In the remainder of this chapter, we describe the LSST project, the survey strategy, and the data 
products that wiU be dehvered by the project. We give an overview of DE science, with a focus on 
the theoretical challenges to understanding the accelerating expansion of the Universe and the types 
of measurements that are needed to distinguish between competing hypotheses. We summarize 
precursor imaging, spectroscopic, and time-domain surveys that are relevant to DE science and are 
expected to have mapped parts of the sky to various redshift depths by 2020 - "Stage III" projects 
in the parlance of the DETF. We conclude this chapter with an assessment of the gains that the 
LSST will bring not only in the DE figure of merit defined by the DETF, but also in mitigating 
systematic uncertainties through the statistical power and combination of probes provided by the 
LSST. 

In Chapter 2, we describe in more detail the need for the LSST Dark Energy Science Collaboration, 
introduce the minimal governance structure that is being used to get the DESC off the ground, 
and present the general structure of the work plan for the next three years. 

In Chapter 3, we describe the major analyses and the primary sources of systematic uncertainties 
for each DE probe. We describe the technical tools and framework that will be necessary to fully 
address DE science with the LSST in Chapter 4. 

We present a compilation of all time-urgent, high-priority tasks (designated by H) and important 
longer term tasks (designated by LT) in Chapter 5. The tasks are arranged according to the 
DE probes and cross-cutting issues listed above. For each task, we describe the motivation, the 
planned activities, and the expected deliverables.
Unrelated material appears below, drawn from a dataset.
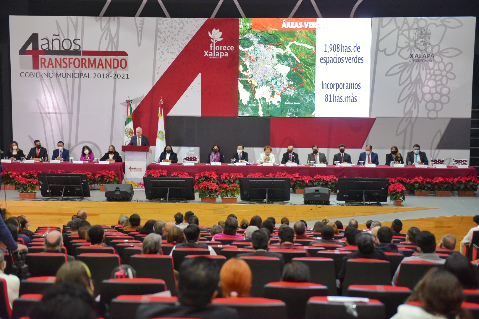 Xalapa, Ver.- El presidente municipal de Xalapa, Hipólito Rodríguez Herrero rindió su cuarto y último informe de labores acompañado del gobernador Cuitláhuac García Jiménez.
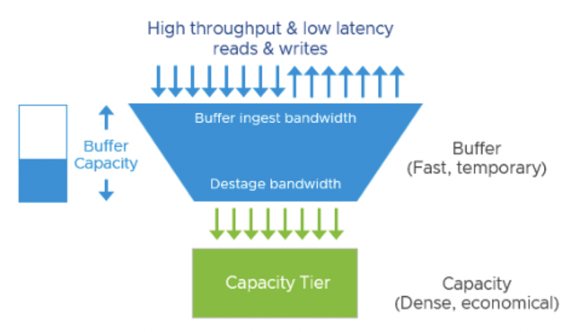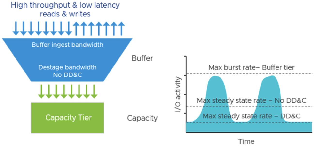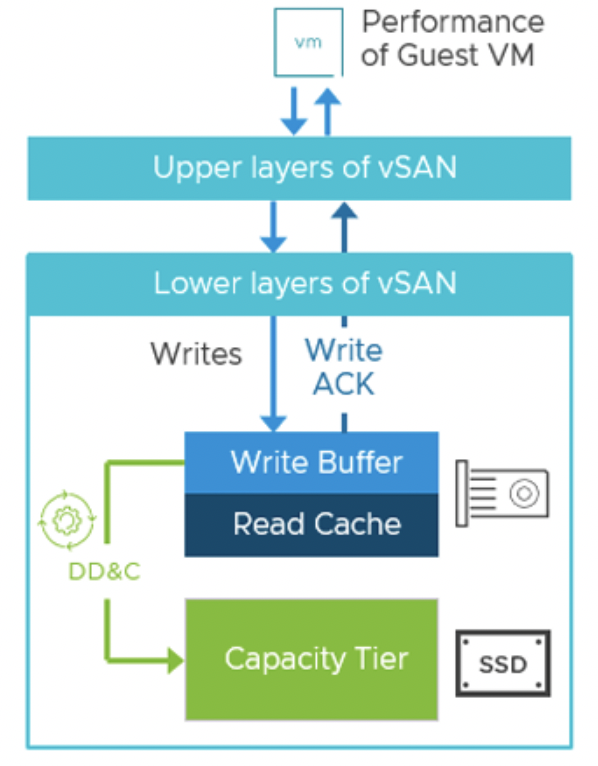 Отсутствие дисковых групп и двухуровневого кеша. ESA использует единый пул NVMe-накопителей с лог-структурированной файловой системой. Запись данных происходит в виде последовательного журнала, и параллельно могут вычисляться паритеты, не влияя на быстрый прием записи. Например, vSAN ESA может сразу записывать данные в performance leg (быстрый слой) с применением RAID-6, что дает одновременно подтверждение записи ВМ и расчет паритета без задержек. Отсутствие этапа "destaging" с Read-Modify-Write снижает накладные операции.

We have identified the important systematic 
uncertainties and have prioritized addressing those that could still inform the final design of the 
project or survey strategy, or for which the systematic uncertainty is unlikely to be addressed by 
Stage III surveys, or for which the systematic is of unknown size or may need new strategies to 
address. 

This White Paper as a whole provides an integrated picture of the DE science analyses we expect 
to tackle with the LSST data set and the extensive preparatory work that must be accomplished 
to fully exploit the statistical power of the LSST data. Our goal in producing this White Paper 
is to assist the funding agencies and reviewers in assessing proposals from individual principal 
investigators who wish to contribute to the investigation of dark energy through the study of 
scientific opportunities with the LSST, and the investigation of dark energy probes with existing 
astronomical data sets as they pertain to understanding and optimizing the potential of the LSST. 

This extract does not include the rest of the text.